The resistance of a wire depends on its length, cross-sectional area, and the resistivity of the material. The formula for resistance is:

$R=\rho \frac{L}{A}$

where $R$ is resistance, $\rho$ is resistivity, $L$ is length, and $A$ is cross-sectional area.

When the wire is stretched, its volume remains constant. So, if the length increases, the area must decrease to keep volume $V=A\times L$ constant.

Step 1: Let the original length be $L$ and original area be $A$. After stretching, the new length $L^{\prime }=L+0.001L=1.001L$ (since 0.1% increase).

Step 2: Since volume is constant, $AL=A^{\prime }{L}^{\prime }$. So, $A^{\prime }=\frac{AL}{L^{\prime }}=\frac{AL}{1.001L}=\frac{A}{1.001}$.

Step 3: The new resistance $R^{\prime }=\rho \frac{L^{\prime }}{A^{\prime }}=\rho \frac{1.001L}{A/1.001}=\rho \frac{L}{A}\times (1.001{)}^2$.

So, $R^{\prime }=R\times (1.001{)}^2\approx R\times 1.002001$.

Step 4: The percentage increase in resistance is $\frac{R^{\prime }-R}{R}\times 100\%=(1.002001-1)\times 100\%=0.2001\%\approx 0.2\%$.

Therefore, the resistance increases by approximately 0.2%.

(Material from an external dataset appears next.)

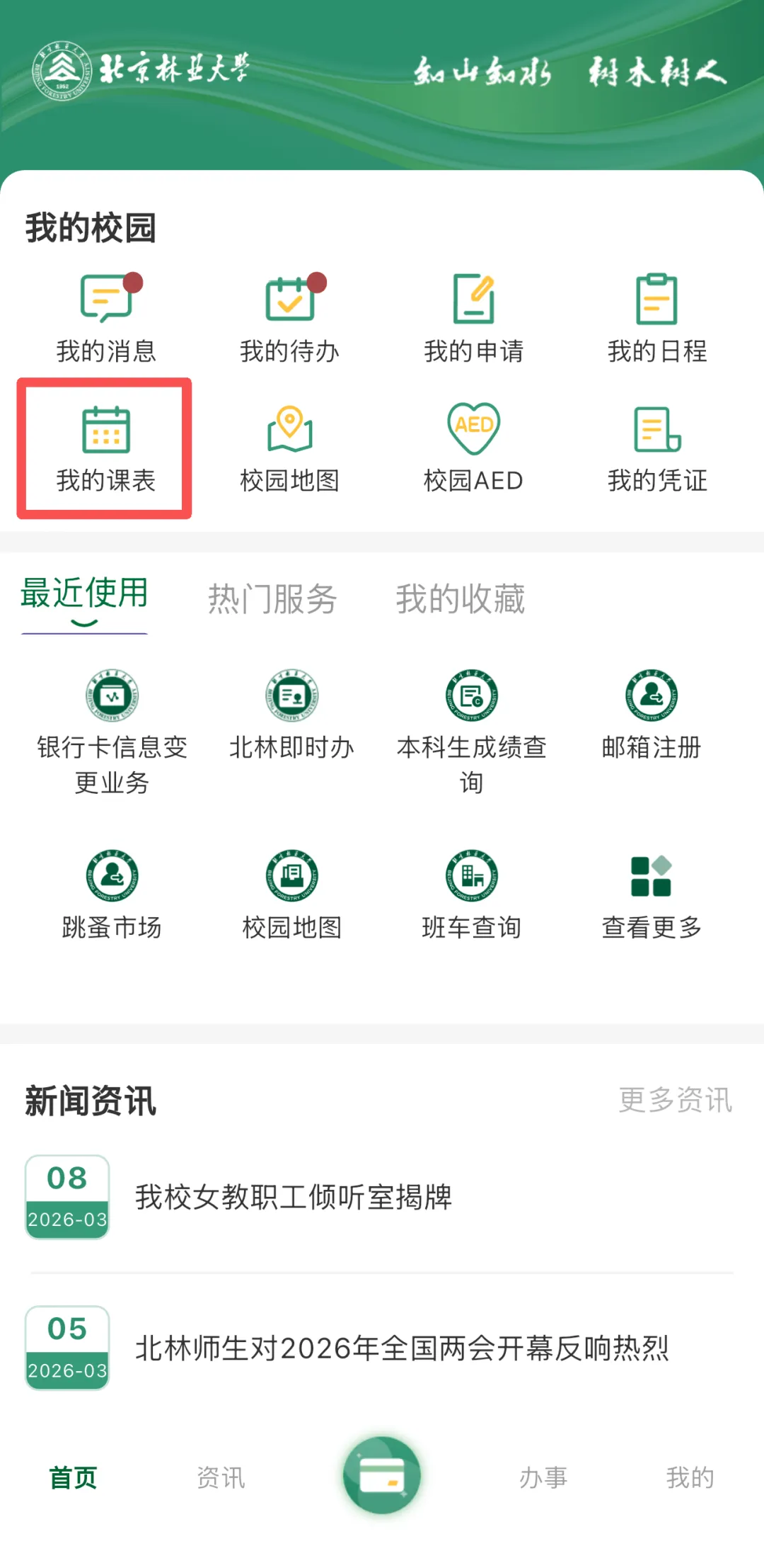 1、打开北京林业大学APP,首页即可看到「我的课表」入口,直接点击就能进入;
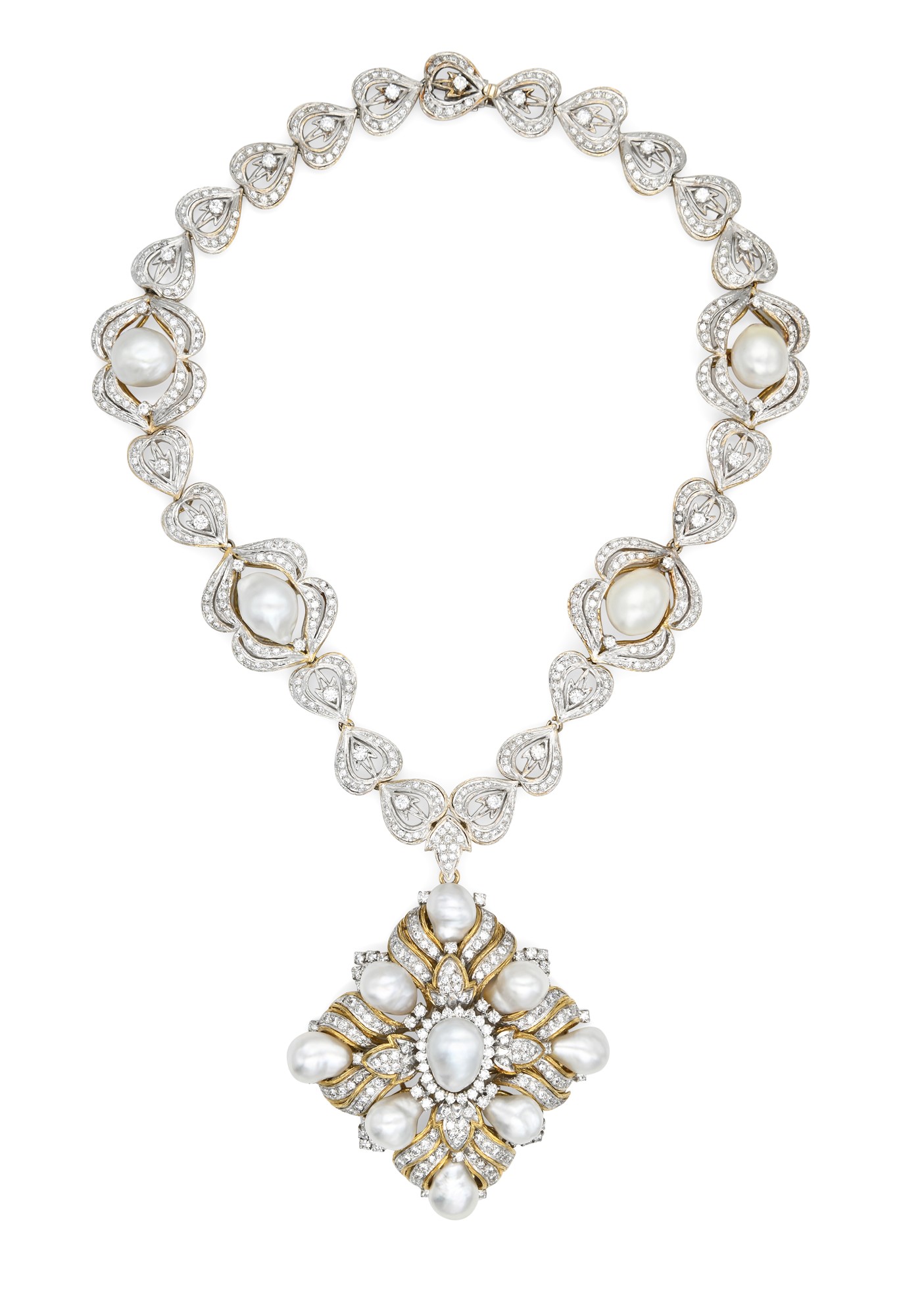 Collana con pendente spilla in oro, brillanti e perle Oro bianco e giallo 750/000 la collana e 585/000 il pendente. Perle barocche South Sea mm 11/13, diamanti in taglio rotondo brillante ct. 11ca F-G, VVS-VS. Peso complessivo gr. 158 Lunghezza cm 45, pendente 7 x 6

Final answer: increase by 0.2%

Related Topics

This problem involves understanding how the resistance of a conductor changes with its dimensions, assuming constant volume. Key related concepts include resistivity, which is an intrinsic property of the material, and the relationship between length, cross-sectional area, and volume.

Formulae

The primary formula used is $R=\rho \frac{L}{A}$. For fractional changes, when volume is constant, the percentage change in resistance is approximately twice the percentage change in length (for small changes). Specifically, if length increases by x%, resistance increases by 2x%.